As the 40th anniversary of Roe v. Wade nears, host Melissa Harris-Perry addresses a letter of encouragement to a woman leading Virginia's fight for reproductive justice.
Just three days shy of closing the calendar on 2012, Virginia Governor Bob McDonnell offered a final parting shot in last year’s onslaught of legal restrictions against women’s reproductive rights. Quietly, with no public announcement, he certified new regulations that could result in the closure of abortion clinics in the state.
Here is where we find ourselves, as we approach this month’s 40th anniversary of the Supreme Court’s landmark Roe v. Wade decision — watching as state anti-choice lawmakers gradually chip away at the federal government’s affirmation that a woman has the right to control her own body.
But we also find ourselves witnessing vocal, impassioned, and effective resistance to those efforts as well. So, this week, as we near the anniversary — and the seemingly inevitable Supreme Court challenge — to Roe v. Wade, I want to address this week’s open letter to one of the voices who led that charge last year: NARAL Pro-Choice Virginia Executive Director, Tarina Keene.
It’s me, Melissa. I hope in 2013 that you get a minute to relax, because 2012 was a busy year for you. It was only March when Governor Bob McDonnell signed a bill requiring doctors to perform an ultrasound on women before they can end an unwanted pregnancy.
But thanks to you and the protests sparked by the spotlight you helped shine on this legislation, the law passed — minus its most invasive provision that would have forced women to undergo a transvaginal ultrasound.

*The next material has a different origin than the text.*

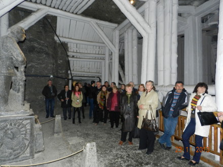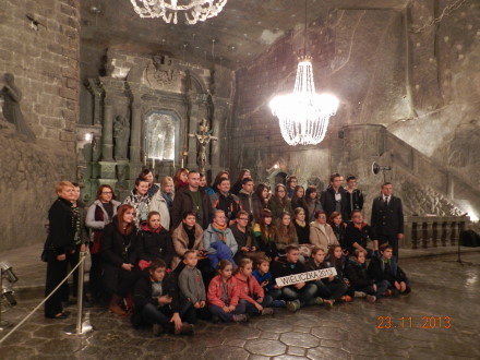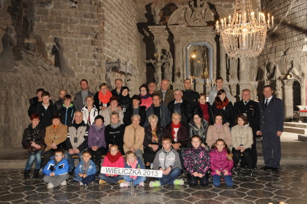 Po raz kolejny na prośbę Sołtysa i Rady Sołeckiej Koźmic Wielkich Prezes Kopalni Soli Wieliczka „ Trasa Turystyczna” pan mgr inż. Marian Leśny udostępnił nieodpłatnie zwiedzanie Trasy Turystycznej w Kopalni Soli w Wieliczce Park Kingi 10. W ubiegłym roku 2012 Kopalnię Soli TT zwiedzały dzieci z pięciu szkół z miejscowości Byszyc, Gorzkowa, Janowic i Koźmic Wielkich. W tym roku 23 listopada wraz z mieszkańcami Koźmic Wielkich i mieszkańcami parafii Matki Boskiej Częstochowskiej w Gorzkowie był ksiądz Proboszcz Adam Żurad. Trud organizacyjny tegorocznego zwiedzania wzięło na siebie Koło Gospodyń Wiejskich z Koźmic Wielkich wraz z sołtysem z Gorzkowa panem Adamem Czajczykiem. W trakcie zwiedzania naszej Kopalni uczestniczyliśmy we Mszy św. w Kaplicy św. Kingi ok. 100 m. pod ziemią. Uczestniczący we Mszy Świętej sami zdeklarowali się, aby ofiarę z tacy przekazać w całości na pomoc dla ofiar kataklizmu na Filipinach. Ponieważ pobyt pod ziemią trwał ok. sześciu godzin ( brały udział cztery grupy ) nie zabrakło czasu na odpoczynek w komorach Witos Górny – Budryk – Warszawa - Wisła. Czas był przeznaczony na grupowe dyskusje przy stole spożywając smaczny obiad serwowany przez miłą obsługę Karczmy Budryk. Należy dodać, że każdy prawie uczestnik wycieczki ma w rodzinie osoby pracujące bądź , które pracowały w Kopalni Soli. Takie wspólne zorganizowane wyjazdy integracyjne dzięki pomocy Kopalni Soli przyczyniają się do poszerzenia wiedzy o naszej lokalnej historii. Mamy nadzieję, że powtórzymy takie wydarzenie w roku 2014.

And yes, thanks to you, those Republican legislators in Virginia can never again claim ignorance about the phrase “vaginal probe.” But more importantly, you put lawmakers in other states on notice that we will not stand by idly while they mandate invasive medical procedures for women. After all that, you deserve a moment to catch your breath.
But you won’t get it, because Governor McDonnell is at again. He knew you and Virginia’s pro-choice advocates would be waiting to pounce if he made a lot of fanfare about his new regulations, so he snuck them in between the Christmas and New Year’s holidays. Now, Virginia’s 20 abortion clinics may have to make costly renovations that have nothing to do with the safety and health of their clients, but everything to do with forcing those clinics out of business.
Tarina, provisions like this are why you and other state and local advocates for women’s rights are a critical line of defense for reproductive justice.
Because while its opponents wait to attempt a killing blow to Roe v. Wade in the Supreme Court, they are also delivering its death by a thousand tiny cuts with restrictive state laws. This slow erosion of reproductive rights has left us with the conclusion reached by this week’s Time Magazine cover story, that quote, “Getting an abortion in America is, in some places, harder today than at any point since it became a constitutionally protected right.”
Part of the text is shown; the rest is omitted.